[[ INPUT MATERIAL open ]]
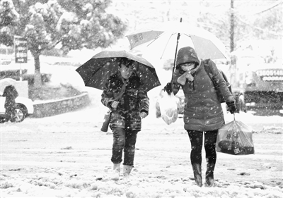 当日清晨,中央气象台继续发布暴雪橙色预警,预计,4日8时至5日8时,河南中南部、湖北中东部、湖南西北部、安徽大部、江苏大部等地有大到暴雪。另外,湖南西北部、贵州东北部局地有冻雨。 (新华社发)
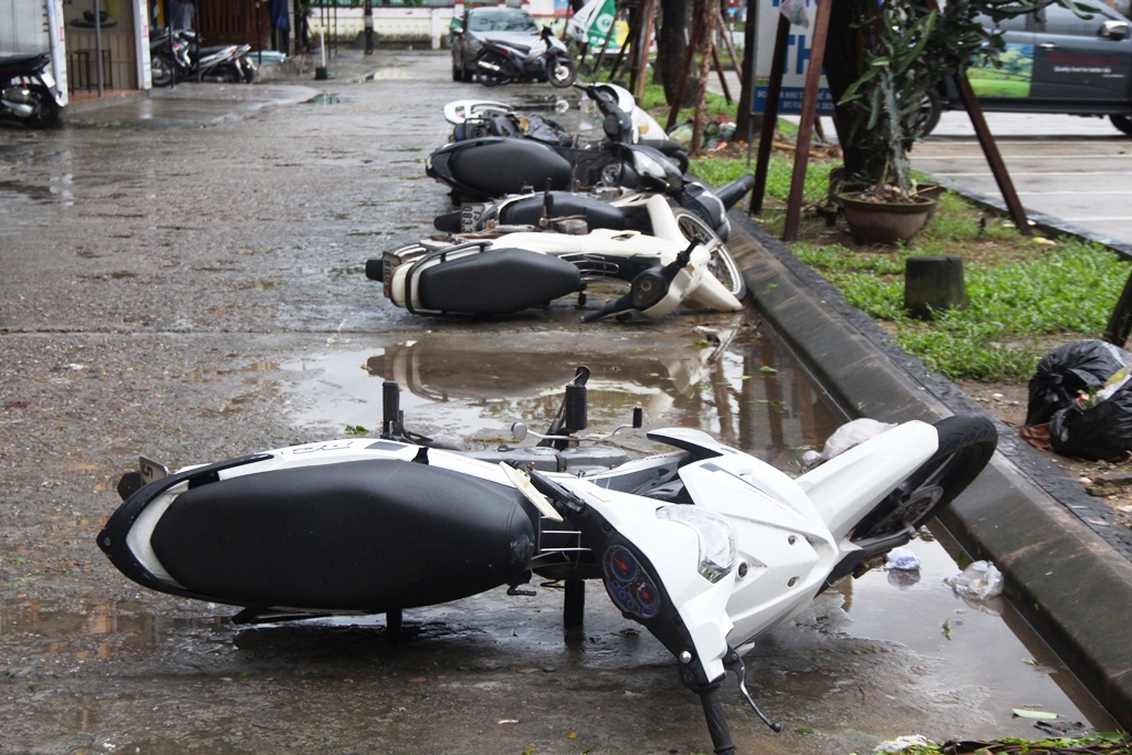 Dãy xe máy ở khu vực chung cư Đống Đa nằm nghiêng ngả do không chịu được sức mạnh của gió bão số 13
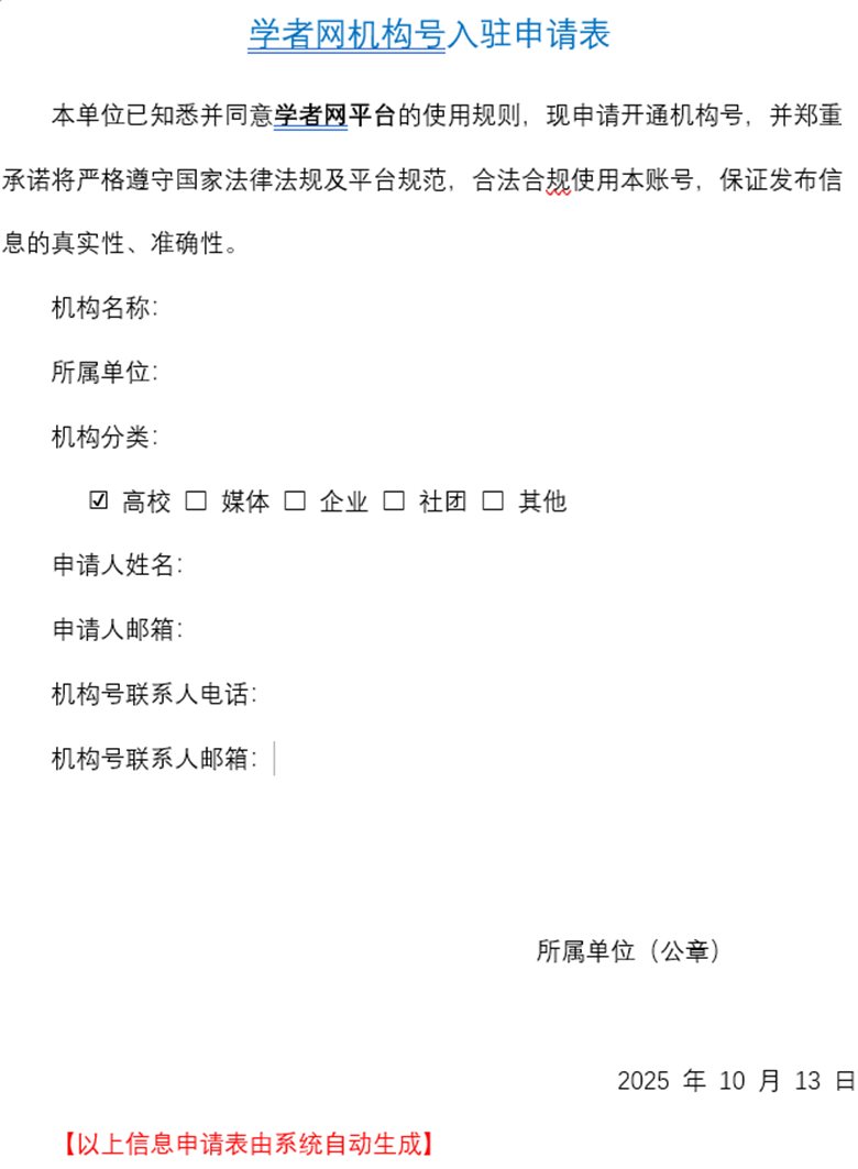 以往機構(gòu)號申請過程中,申請者常因提交材料格式不統(tǒng)一或內(nèi)容不符合要求而被駁回,影響入駐進度。針對這一問題,新版機構(gòu)號推出了 “申請表模板生成”功能。申請人只需在線填寫基礎(chǔ)信息,系統(tǒng)即可自動生成規(guī)范的申請表。下載、蓋章并上傳后即可完成提交,既節(jié)省時間,又顯著提升了申請成功率。
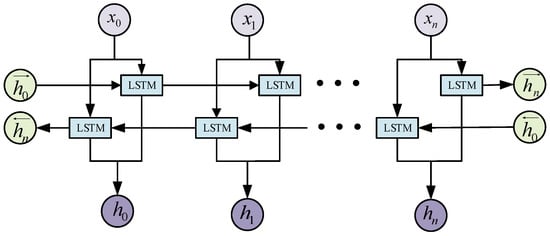 The ordinary LSTM model calculates the one-way hidden layer sequence , while BiLSTM calculates the forward hidden layer vector as  and the backward hidden layer vector as  and finally combines the two for output vector , as shown in Figure 7. The calculation formula is as follows:
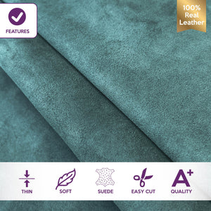 - Turquoise suede fabric is very soft for touch, not very elastic. Teal suede hides are great for leather crafts, is quite firm, good for bag making, turquoise suede earrings.
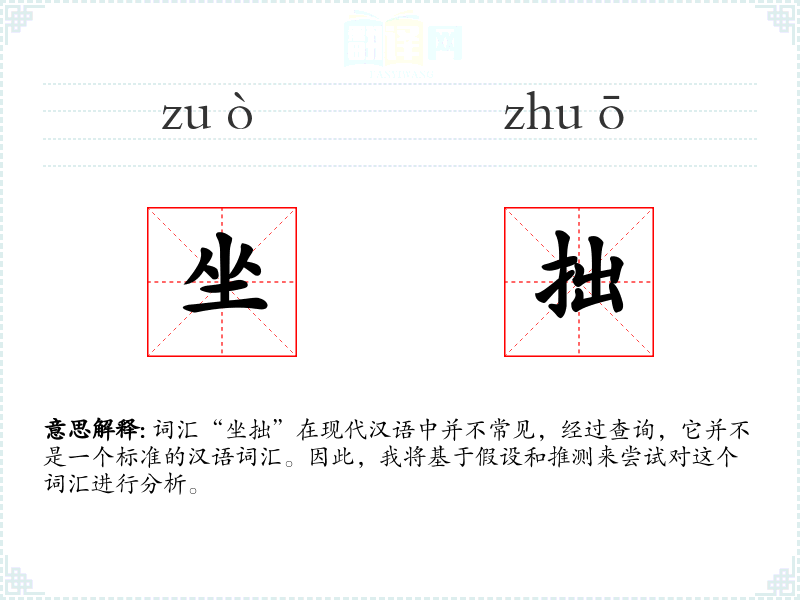 词汇“坐拙”在现代汉语中并不常见,经过查询,它并不是一个标准的汉语词汇。因此,我将基于假设和推测来尝试对这个词汇进行分析。
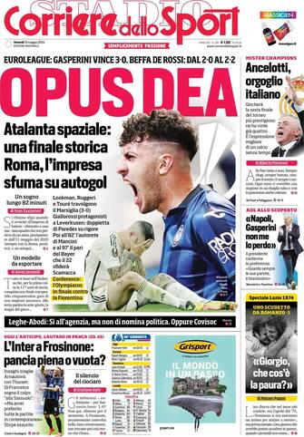 - Il giornale sportivo apre con il risultato ottenuto ieri sera dall’Atalanta che, dopo aver battuto il Marsiglia 3-0, vola in finale di Europa League. Impresa sfiorata invece per la Roma che pareggia 2-2 con il Bayer Leverkusen e manca l'accesso alla finale del torneo
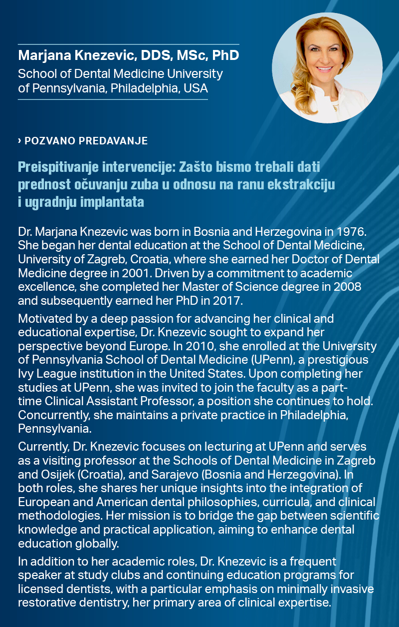 Ovaj Kongres predstavlja priliku ne samo za stjecanje novih stručnih znanja, već i za jačanje profesionalnih veza i poticanje suradnje među kolegama iz različitih specijalnosti. Interakcija s kolegama, razmjena ideja, te komunikacija s našim sponzorima sigurno će potaknuti daljnji razvoj naših struka i unaprijediti našu svakodnevnu praksu.
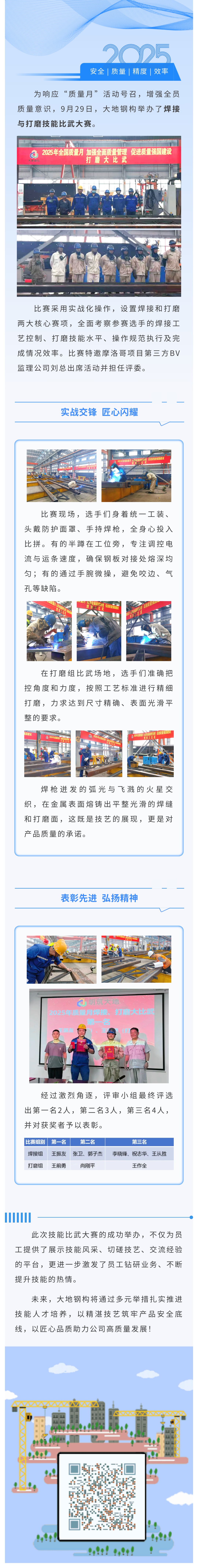近日,由大地鋼構參建的金鼎天地15-01地塊商辦項目A樓榮獲2024年度上海市白玉蘭優質建設工程。上海市建設工程“白玉蘭”獎是上海市建築行業工程質量的最高榮譽,旨在評選出質量卓越的工程項目,樹立行業質量标杆,推動上海市工程質量水平持續提升。此次獲獎,不僅是對項目品質的高度認可,更展現了大地鋼構的綜合實力。未來,公司将繼續秉持“服務築就價值、匠心承載未來”的理念,聚焦高品質工程建設與高效優質履約,不斷提升品牌影響力與市場競争力,為城市發展與行業進步貢獻力量。
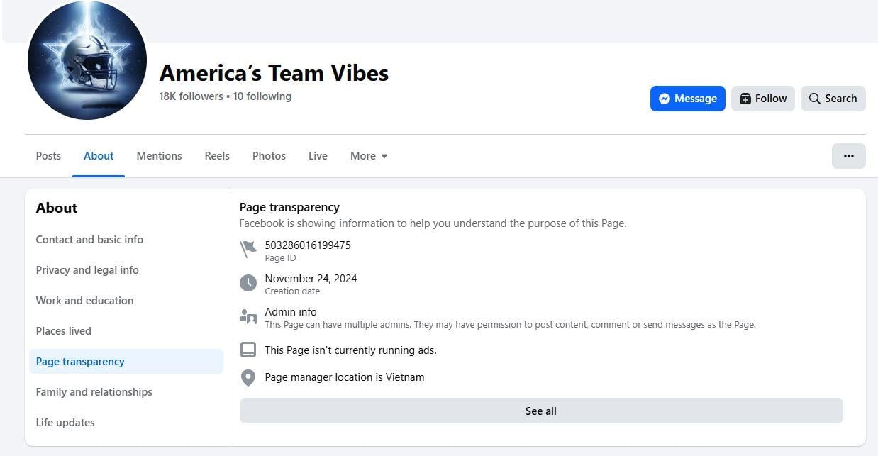 On Oct. 28, 2025 the Facebook page America's Team Vibes made a post (archived here) captioned:
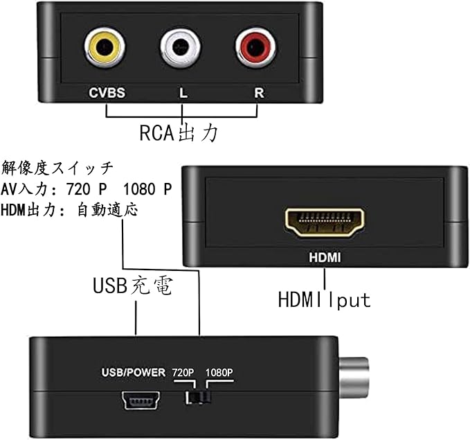 RCA to HDMI 変換コンバーター AV to HDMI 変換器 USBケーブル付きhdmiをサポートする旧式テレビネットワークセットトップボックス Xbox PS4 カーナビなど対応
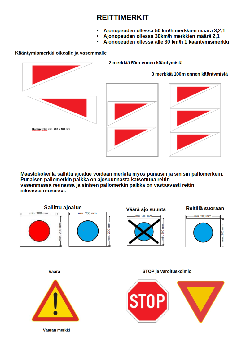 Virallinen reitti, jolta kilpailija ei saa poistua mistään syystä, merkitään reittimerkein ja
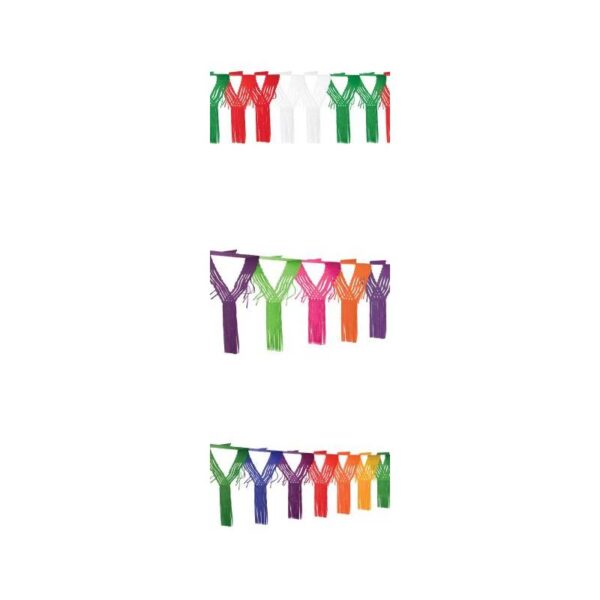 Drop Fringe Garland comes in 3 different colors. Red/White/Green are the colors of the Mexican and the Italian flags and can be used for both. There is also a rainbow garland and multicolor. They are all brightly colored and will cheer up any party or classroom. The fringe brings the garland to life.
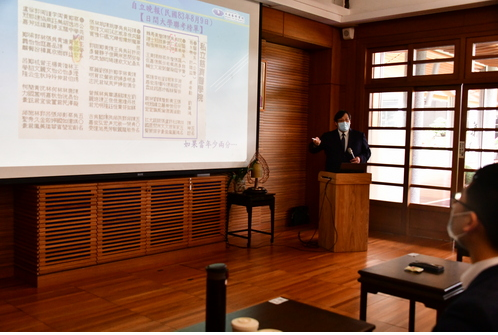 圖說:一到精舍的第一堂課就是從聆聽慈濟志工每天必須攝取的心靈資糧「志工早會」開始。
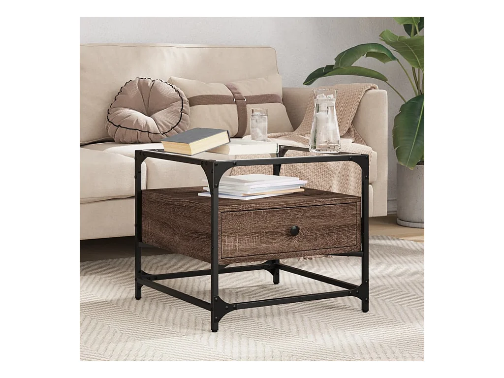 Table basse et dessus en verre chêne marron 50x50x45 cm acier
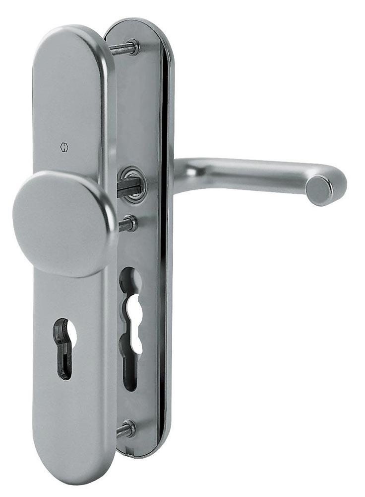 für Abschlusstüren · einbruchhemmend nach DIN 18257 · Knopfschild-Randhöhe: 12 mm · Stahlunterkonstruktion im Innen- und Außenschild · mit Rückholfeder-Paket · mit Schnellstift-Verbindung · DIN links / rechts verwendbar · hochfeste, verdeckte Verschraubung · einschließlich Befestigungsmaterial · PZ · Widerstandsklasse ES 1
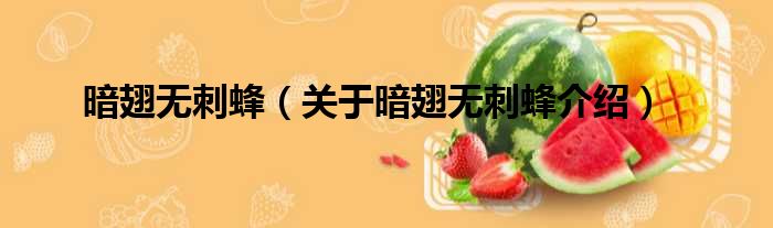 关于暗翅无刺蜂到此分享完毕,希望能帮助到您。
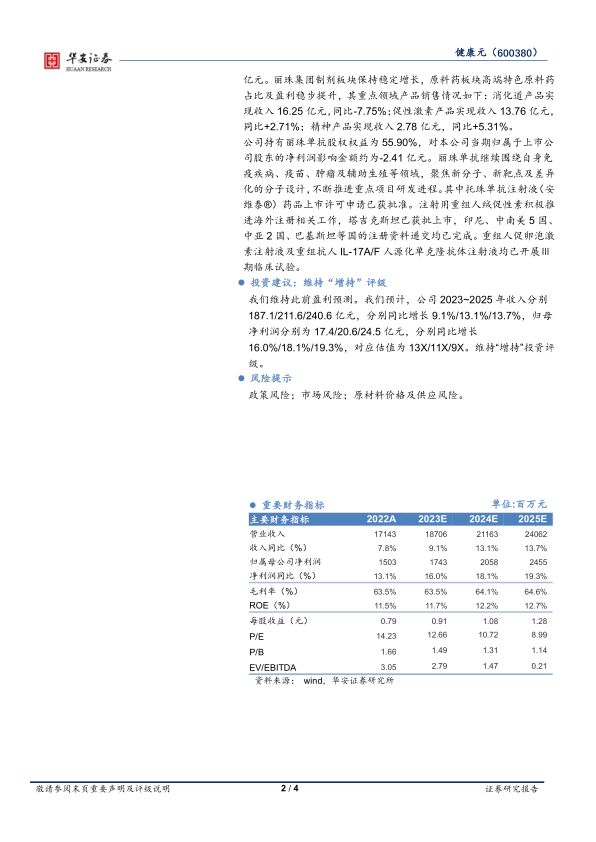 公司持续加大研发投入,研发费用率有所提升,并在吸入制剂、生物制品等创新领域取得显著进展,多款重磅产品获批上市或进入关键临床阶段。丽珠集团作为重要子公司,其制剂和特色原料药业务亦保持稳健增长。华安证券维持“增持”评级,并基于对公司未来收入和净利润的积极预测,认为健康元具备良好的增长潜力和市场价值。
[[ INPUT MATERIAL closed ]]
> _WHAT TO WORK ON_: With the pictures excluded, transcribe word for word only the lines from the one containing "Drop Fringe Garland" through the last line of the records.

> _RESULT OF THE TASK_:
 Drop Fringe Garland comes in 3 different colors. Red/White/Green are the colors of the Mexican and the Italian flags and can be used for both. There is also a rainbow garland and multicolor. They are all brightly colored and will cheer up any party or classroom. The fringe brings the garland to life.
 圖說:一到精舍的第一堂課就是從聆聽慈濟志工每天必須攝取的心靈資糧「志工早會」開始。
 Table basse et dessus en verre chêne marron 50x50x45 cm acier
 für Abschlusstüren · einbruchhemmend nach DIN 18257 · Knopfschild-Randhöhe: 12 mm · Stahlunterkonstruktion im Innen- und Außenschild · mit Rückholfeder-Paket · mit Schnellstift-Verbindung · DIN links / rechts verwendbar · hochfeste, verdeckte Verschraubung · einschließlich Befestigungsmaterial · PZ · Widerstandsklasse ES 1
 关于暗翅无刺蜂到此分享完毕,希望能帮助到您。
 公司持续加大研发投入,研发费用率有所提升,并在吸入制剂、生物制品等创新领域取得显著进展,多款重磅产品获批上市或进入关键临床阶段。丽珠集团作为重要子公司,其制剂和特色原料药业务亦保持稳健增长。华安证券维持“增持”评级,并基于对公司未来收入和净利润的积极预测,认为健康元具备良好的增长潜力和市场价值。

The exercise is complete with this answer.